__EXERCISE AIM__
Begin at the line with "夏バージョン2021新しいファッションシックなフランスの年齢を減らす個性バックレター印刷半袖Tシャツ女性の潮 サマー 夏物" and output every line through the end of the records, exactly as given. Omit pictures.

__RECORDS PROVIDED__
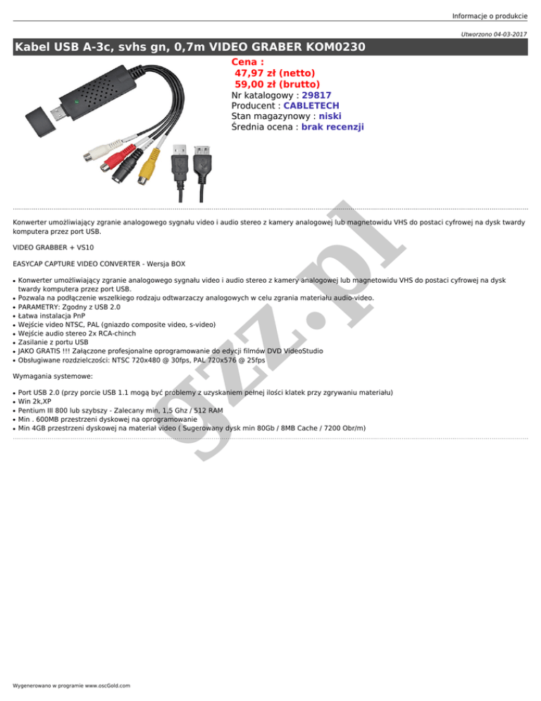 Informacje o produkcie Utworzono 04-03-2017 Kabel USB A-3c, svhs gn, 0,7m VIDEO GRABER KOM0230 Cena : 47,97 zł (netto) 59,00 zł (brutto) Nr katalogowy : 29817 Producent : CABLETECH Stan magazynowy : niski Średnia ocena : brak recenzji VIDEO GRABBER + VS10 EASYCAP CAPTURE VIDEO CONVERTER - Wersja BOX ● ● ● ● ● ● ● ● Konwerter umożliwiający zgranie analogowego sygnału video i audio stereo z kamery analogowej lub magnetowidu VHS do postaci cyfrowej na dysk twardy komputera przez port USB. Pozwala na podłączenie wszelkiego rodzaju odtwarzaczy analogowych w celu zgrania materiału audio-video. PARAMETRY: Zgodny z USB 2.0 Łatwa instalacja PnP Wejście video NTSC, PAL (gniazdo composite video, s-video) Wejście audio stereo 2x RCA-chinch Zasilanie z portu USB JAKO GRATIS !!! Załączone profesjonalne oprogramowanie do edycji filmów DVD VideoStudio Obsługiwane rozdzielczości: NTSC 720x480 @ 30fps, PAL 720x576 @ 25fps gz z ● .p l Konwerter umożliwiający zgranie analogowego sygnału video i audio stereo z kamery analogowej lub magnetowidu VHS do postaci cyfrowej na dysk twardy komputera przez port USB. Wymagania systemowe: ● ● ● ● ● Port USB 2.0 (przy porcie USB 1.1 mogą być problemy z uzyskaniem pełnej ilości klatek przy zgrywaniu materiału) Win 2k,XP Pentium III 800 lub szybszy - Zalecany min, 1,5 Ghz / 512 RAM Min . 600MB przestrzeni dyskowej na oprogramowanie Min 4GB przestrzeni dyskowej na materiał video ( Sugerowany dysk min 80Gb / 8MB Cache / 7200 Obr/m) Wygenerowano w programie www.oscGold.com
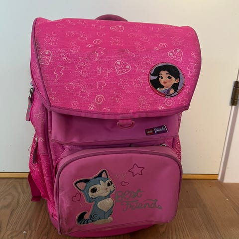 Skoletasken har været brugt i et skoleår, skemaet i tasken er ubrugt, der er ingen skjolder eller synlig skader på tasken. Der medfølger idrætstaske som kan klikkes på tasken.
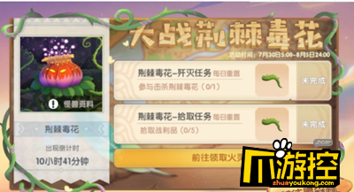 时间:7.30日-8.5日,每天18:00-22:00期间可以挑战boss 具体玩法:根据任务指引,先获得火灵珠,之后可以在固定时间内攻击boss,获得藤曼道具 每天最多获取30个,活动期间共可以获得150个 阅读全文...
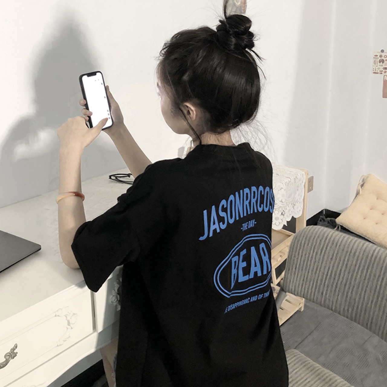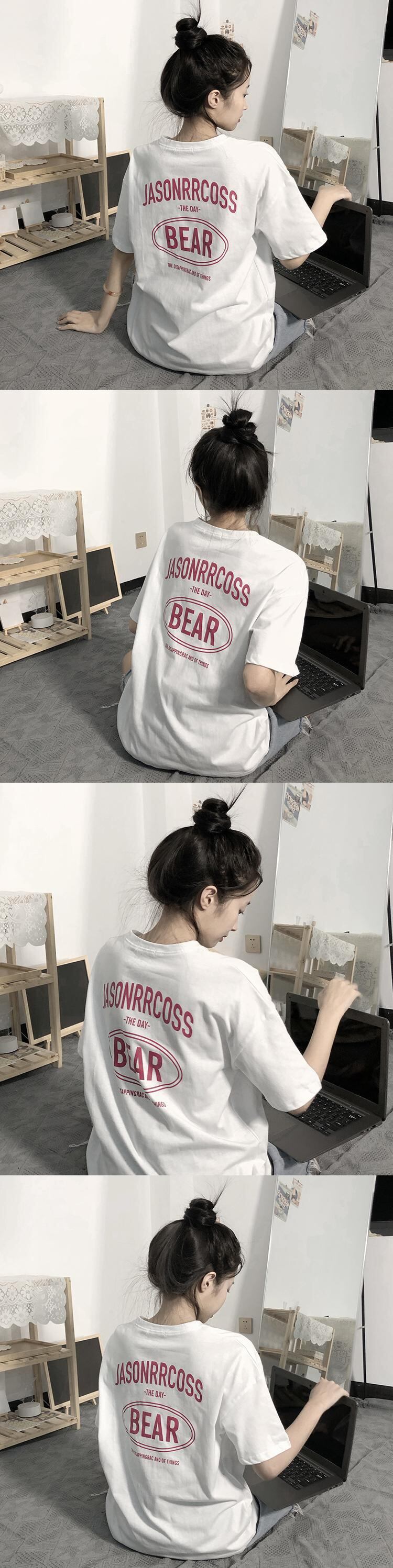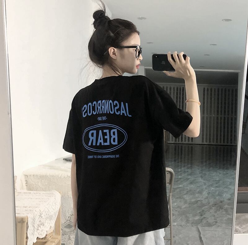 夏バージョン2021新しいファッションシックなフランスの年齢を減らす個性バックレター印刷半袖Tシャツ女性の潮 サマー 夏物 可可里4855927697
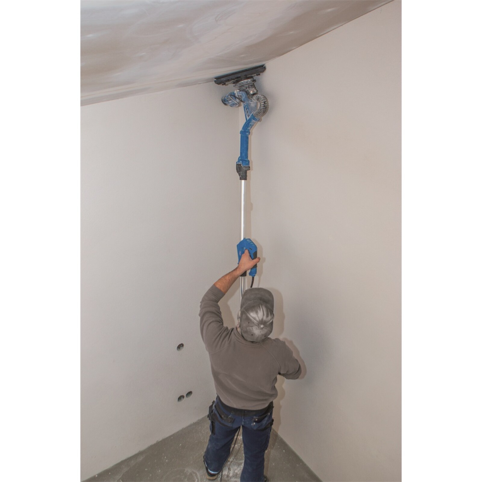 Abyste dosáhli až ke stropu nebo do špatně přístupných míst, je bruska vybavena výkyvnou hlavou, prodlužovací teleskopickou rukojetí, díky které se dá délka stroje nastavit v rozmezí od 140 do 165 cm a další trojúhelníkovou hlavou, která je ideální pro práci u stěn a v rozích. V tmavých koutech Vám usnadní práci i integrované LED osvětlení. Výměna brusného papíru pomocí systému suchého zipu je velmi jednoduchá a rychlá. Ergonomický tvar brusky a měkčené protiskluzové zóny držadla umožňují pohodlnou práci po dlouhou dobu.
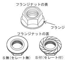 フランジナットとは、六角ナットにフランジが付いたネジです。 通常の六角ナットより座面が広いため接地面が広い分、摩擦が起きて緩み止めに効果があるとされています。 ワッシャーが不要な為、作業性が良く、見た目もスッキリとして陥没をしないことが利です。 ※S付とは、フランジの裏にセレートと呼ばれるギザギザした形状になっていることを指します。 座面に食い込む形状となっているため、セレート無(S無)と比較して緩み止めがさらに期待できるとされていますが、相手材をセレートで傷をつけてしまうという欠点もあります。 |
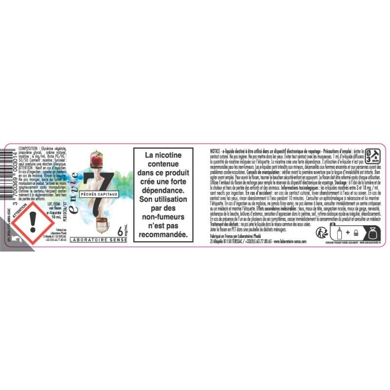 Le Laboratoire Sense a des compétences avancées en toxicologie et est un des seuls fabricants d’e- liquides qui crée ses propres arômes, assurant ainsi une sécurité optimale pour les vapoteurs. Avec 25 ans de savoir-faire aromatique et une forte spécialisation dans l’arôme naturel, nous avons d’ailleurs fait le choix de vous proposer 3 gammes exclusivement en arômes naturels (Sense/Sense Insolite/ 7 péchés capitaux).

__SOLUTION TO THE PROBLEM__
 夏バージョン2021新しいファッションシックなフランスの年齢を減らす個性バックレター印刷半袖Tシャツ女性の潮 サマー 夏物 可可里4855927697
 Abyste dosáhli až ke stropu nebo do špatně přístupných míst, je bruska vybavena výkyvnou hlavou, prodlužovací teleskopickou rukojetí, díky které se dá délka stroje nastavit v rozmezí od 140 do 165 cm a další trojúhelníkovou hlavou, která je ideální pro práci u stěn a v rozích. V tmavých koutech Vám usnadní práci i integrované LED osvětlení. Výměna brusného papíru pomocí systému suchého zipu je velmi jednoduchá a rychlá. Ergonomický tvar brusky a měkčené protiskluzové zóny držadla umožňují pohodlnou práci po dlouhou dobu.
 フランジナットとは、六角ナットにフランジが付いたネジです。 通常の六角ナットより座面が広いため接地面が広い分、摩擦が起きて緩み止めに効果があるとされています。 ワッシャーが不要な為、作業性が良く、見た目もスッキリとして陥没をしないことが利です。 ※S付とは、フランジの裏にセレートと呼ばれるギザギザした形状になっていることを指します。 座面に食い込む形状となっているため、セレート無(S無)と比較して緩み止めがさらに期待できるとされていますが、相手材をセレートで傷をつけてしまうという欠点もあります。 |
 Le Laboratoire Sense a des compétences avancées en toxicologie et est un des seuls fabricants d’e- liquides qui crée ses propres arômes, assurant ainsi une sécurité optimale pour les vapoteurs. Avec 25 ans de savoir-faire aromatique et une forte spécialisation dans l’arôme naturel, nous avons d’ailleurs fait le choix de vous proposer 3 gammes exclusivement en arômes naturels (Sense/Sense Insolite/ 7 péchés capitaux).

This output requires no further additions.